We provided them a series. This took a time span of at least three years of ecological awareness. How do riparian areas function? What is the role of watersheds? What is the role of riparian health in relation to water quality? How do healthy riparian areas, the essential filters and buffers, help resolve water quality issues?
We then worked with them, and I might add others, to look at pilot projects, experiments, if you will, with engaged landowners who were willing to change management practices and move cattle wintering sites out of the stream valley to off-stream watering sites. They changed the distribution pattern of livestock so that they didn't spend so much time in a riparian zone or in the stream zone.
Then there was engaging the community in a series of field trips and social events, eventually leading them to the realization that they had to measure riparian health. They had to have a benchmark of where they were. Creating that benchmark was done over a span of a couple years. Then there was coming back in about a five-year time span and remeasuring riparian health, based on the management changes they had done. Then there was helping them use that information to promote the idea that they would be good, and were being good, stewards of the land and were making progress, even though there were big challenges. Those changes would have to happen probably over the span of a decade or two, not overnight.

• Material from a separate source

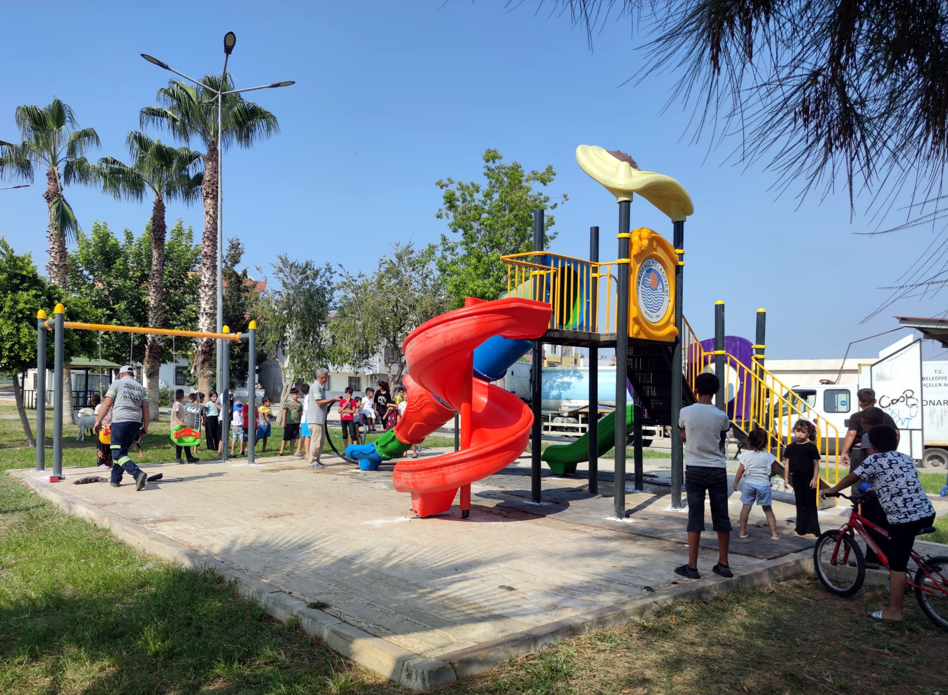Akdeniz Belediyesi; ilçeye bağlı Güneş Mahallesi’nde bulunan çocuk parkının çeşitli oyun gruplarını yeniledi, yeni oyun gruplarını gören mahalleli çocuklar parka akın etti, saatlerce oynayıp gönüllerince eğlendi. Akdeniz Belediyesi, ilçe genelindeki park, bahçe ve yeşil alanlara yönelik yenileme ve bakım çalışmalarını sürdürüyor. Akdeniz’e onlarca park kazandıran, miadını dolduran parkları da yenileyen Park ve Bahçeler Müdürlüğü, son olarak Güneş Mahallesi’nde bulunan çocuk parkının kaydırak, salıncak ve diğer oyun gruplarını yeniledi. Yeni oyun gruplarının kurulduğunu gören mahalleli çocuklar parka adeta akın edip saatlerce eğlendi. İlçenin dört bir yanındaki park ve yeşil alanlar bakıma alındı Diğer yandan, Kazanlı Mahallesi Caretta Caretta Parkı, Karaduvar Cumhuriyet ve Sardalya Parkı, Adanalıoğlu Limonlu Mahallesi Eylül Parkı, Karacailyas ve Kazanlı mahalleleri futbol sahalarında çim biçme ve temizlik çalışması yapan Park ve Bahçeler Müdürlüğü ekipleri, Huzurkent Gazi Mahallesi’nde okul içinde ağaç budama çalışması yaptı. Ekipler; Adanalıoğlu Fıratlar mevkiinde, yola uzandığı için özellikle sürücülerin görüşünü engelleyen ağaç dallarını ve Köselerli Mahallesi Şen Sokak Parkı’nda tehlike arz eden okaliptüs ağacını da budadı. Karacailyas Polis Merkezi Amirliği ile Emek Mahallesi Muhtarlığı bahçesi ve Huzurkent Bahşiş Mahallesi Şehit Jandarma Uzman Çavuş Ramazan Bahşiş Parkı’nda budama, çim biçme ve temizlik yapan ekipler; Huzurkent Bahşiş Mahallesi Güreş Salonu önündeki yeşil alanda uzayan çimleri biçip temizledi.

In so doing, they were providing a message to the outside world that these people were not destroying riparian areas. They were not destroying the watershed. Indeed, they were working on creative and consultative ways of increasing riparian health, and in so doing, water quality for downstream water users.
We're still working with that watershed group and probably will continue to work with them for the foreseeable future. I think we've been working with them now over the span of nine years. This, quite literally, is a patient person's business.